Similarly, a typical microcontroller unit (MCU) might contain a mix of Flash, SRAM, and EEPROM. The non-volatile Flash with a limited endurance (number of write cycles) is used to store the program, while the volatile SRAM with an essentially unlimited endurance is where the program creates, stores, and manipulates variables when it runs. The problem with the Flash is that you have to erase thousands of bytes at a time in order to write new data. This isn’t an issue if you are loading an entire new program, but it’s a pain in the nether regions if you wish to store only a few bytes of data. Thus, the MCU will also include a small amount (perhaps a couple of kilobytes) of non-volatile EEPROM (electrically erasable programmable read-only memory) in which we can store modest quantities of long-term information, like configuration settings or occasional sensor readings, for example.

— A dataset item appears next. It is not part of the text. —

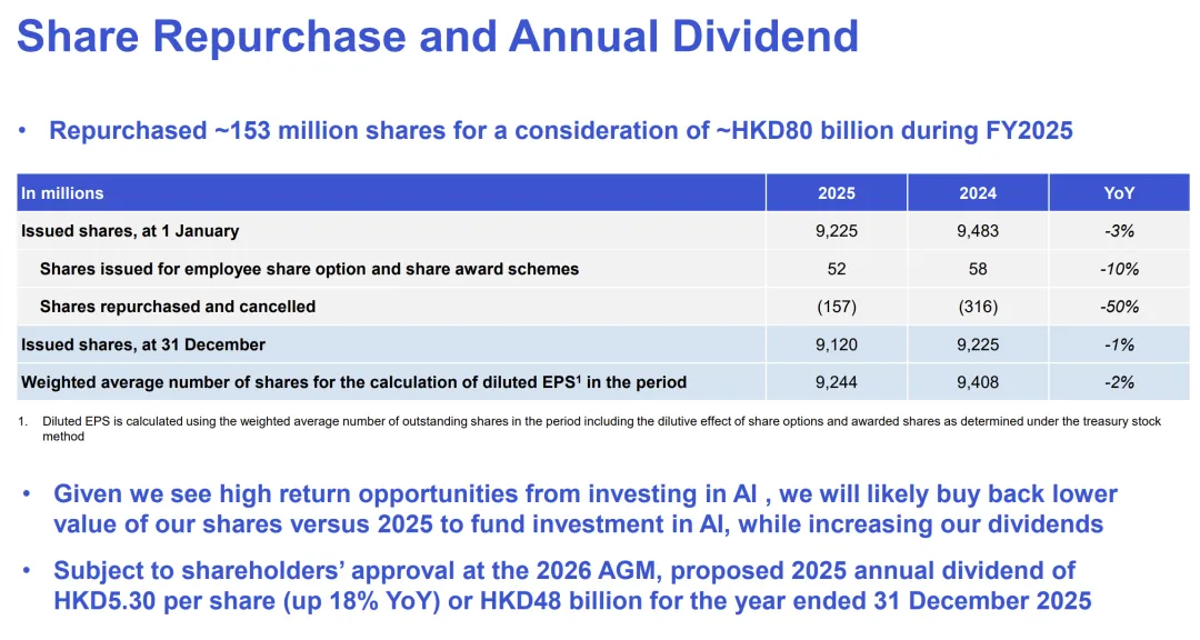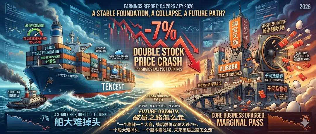 阿里和腾讯近日放榜,最近一直没时间分析一下这两家公司的财报,作为恒生科技、恒生互联网、港股通中国科技、港股通互联网、中概互联等多个热门ETF和相关基金的龙头,我们观察和分析这两家龙头公司的财报能为我们投资上述标的带来不少指引作用。从财报上看,腾讯2025年总收入增长14%,非国际财务报告准则下的经营盈利增长18%,这在当前宏观环境下堪称稳健。然而,市场对这份财报的反馈却是股价大跌,其核心痛点在于“分红逻辑”的动摇。2025年腾讯耗资约800亿港元回购了1.53亿股,这种强力的股份注销是过去一年支撑股价的核心动力。但在最新的业绩说明中,管理层释放了一个危险信号:为了加大AI投入,2026年的回购金额可能会低于2025年。对于长期将腾讯视为“高股息/高回购”避险资产的机构投资者来说,这种从“给股东钱”到“烧钱搞研发”的转变,直接导致了绩后资金的踩踏式撤离。2. AI 投入的“温水煮青蛙”:决心与规模的错位腾讯在财报中高调宣布加大AI投入,并展示了混元3.0、元宝及WorkBuddy等产品。然而,仔细审视其资本支出发现,腾讯2025年的资本开支虽然有所增长,但与字节跳动甚至国际巨头相比,显得极其克制。腾讯计划2026年投入约360亿元人民币用于AI产品,这个数字在AI领域并不算大。对比微软、谷歌单季度超过百亿美元的资本支出,腾讯的投入强度更像是在原有业务上的“修补”,而非开辟新战场的“豪赌”。这种“既要稳利润,又要追技术”的中间心态,让市场担忧其在底层大模型竞赛中会陷入“起大早赶晚集”的尴尬境地。财报虽然提到云业务实现了规模化盈利,但从增速横向对比来看,腾讯云正面临前所未有的压力。在全球市场,谷歌云、微软Azure仍保持30%-40%的高速增长;在国内市场,阿里云本季度收入增长36%。相比之下,腾讯云的增速明显落后于第一梯队。其业务结构依然深度绑定社交与游戏生态,在外部政企市场和AI算力租赁市场(MaaS)的开拓上缺乏侵略性。这种增长的乏力,反映出腾讯在基础设施领域的“轻资产”基因在AI重资产时代遭遇了瓶颈。阿里巴巴的这份财报可以用“惨烈”形容。集团整体收入增速降至2%,这标志着阿里已经从一家成长型公司彻底变成了低速循环的成熟期企业。淘天集团(TTG)在拼多多与抖音的夹击下,GMV与利润的增长几乎停滞,核心商业的盈利能力正在被削弱。更严重的是,归母净利润同比下滑超过60%,虽然其中包含投资减值的影响,但主营业务利润空间的持续收窄是不争的事实。阿里目前处于一种“核心业务失血,新兴业务烧钱”的危险循环中,这也是股价暴跌的核心逻辑。阿里云本季度收入增长36%,看似亮眼,实则处于“保规模”的防守战。AI相关产品连续十个季度三位数增长,很大程度上是依靠大幅度降价和对MaaS生态的强力补贴换来的。尽管千问大模型全端MAU突破3亿,但这种“及格”的数据背后,是极高的获客成本。在B端市场,阿里虽然在金融、制造业有领先优势,但随着华为、腾讯及运营商云的入场,阿里云为了维持市场份额,不得不牺牲利润率,这种“增收不增利”的局面尚未得到根本性扭转。阿里在2026年初发起的“AI红包大战”,试图通过补贴、赠送礼品等互联网时代的传统打法来推广大模型。这种手段虽然短期拉升了APP的下载量和日活,但AI工具与社交、外卖不同,它需要的是极高的用户粘性和生产力转化。这种“赔本赚吆喝”的行为,导致了大量无效用户的涌入,一旦补贴停止,留存度成疑。对于阿里而言,这种昂贵的流量买卖不仅消耗了大量现金流,更暴露了其在AI应用层面缺乏原生场景的焦虑。腾讯未来的机会点不在于烧钱买算力,而在于其无孔不入的微信生态。如果腾讯能将混元大模型深层嵌入视频号、微信搜索及办公助手,实现AI对广告转化率的本质提升,其稳健的财务表现才能重新赢得市场的溢价。阿里目前最急需的是稳住淘天的基本盘。AI对于阿里而言,不应只是云业务的增量,更应是重构电商搜索与推荐逻辑的底层工具。只有当AI能显著降低商家的经营成本并提升消费者体验时,阿里才能从“补贴换增长”的泥潭中拔出。两家巨头股价的同日暴跌,本质上是市场对“中概股AI逻辑”的重构。投资者不再满足于看到漂亮的MAU或口头上的重视,而是开始审视谁能真正把AI转化为现金流,谁能在减少股东回购后,拿出更具爆发力的业绩证明。腾讯需要克服“船大难掉头”的战略惯性,投入真正的重金去构建底层护城河;而阿里则需要结束“赔本赚吆喝”的营销幻象,回归商业本质。这场关于未来的破局之战,才刚刚开始。• end •

Now, when it comes to embedded NVM, Flash is wonderful — it’s certainly changed my world for the better — but it’s not the only game in town. Other NVM contenders include magnetoresistive RAM (MRAM), which stores data in magnetic domains, and phase-change memory (PCM or PCRAM), which stores data by changing between amorphous and crystalline states.

Yet another NVM possibility — and the reason I’m writing this column — is resistive RAM (ReRAM), which stores data by changing the resistance across a dielectric solid-state material. And, of course, ReRAM is Weebit Nano‘s “claim-to-fame,” as it were. Let’s consider a simple 1T1R (one transistor, one resistor) ReRam cell structure as illustrated below:

ReRAM basic operation (Image source: Weebit Nano)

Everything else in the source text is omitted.